Garrison information
- Current commander: V.A. Jorge Millones Gonzales

= Callao Naval Base =

Main naval base of the Peruvian Navy

Callao Naval Base (Base Naval del Callao) is the main naval base of the Peruvian Navy. Located north of the main port of Callao, it is also a high-security prison, where members of terrorist groups such as the Shining Path and the Túpac Amaru Revolutionary Movement (MRTA) are located.

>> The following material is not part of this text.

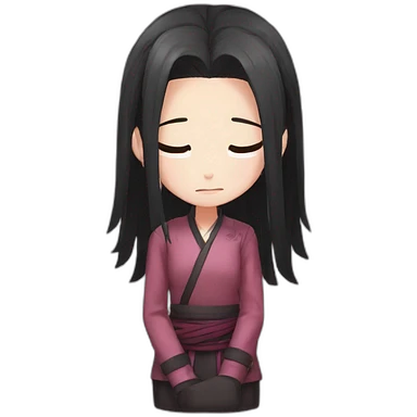 Nezuko with long black hair with orange tips, pink eyes, bamboo muzzle in mouth emoji

The base hosts a dockyard and naval aviation base, as well as the Naval Medical Center, which contains the U.S. Navy's Naval Medical Research Unit Six.

==History==
The naval base was first built in the 1930s as a levee and a naval arsenal. In 1992, then presidential advisor Vladimiro Montesinos proposed the construction of a penitentiary centre in the base, where he himself was confined after he was extradited from Venezuela in June 2001.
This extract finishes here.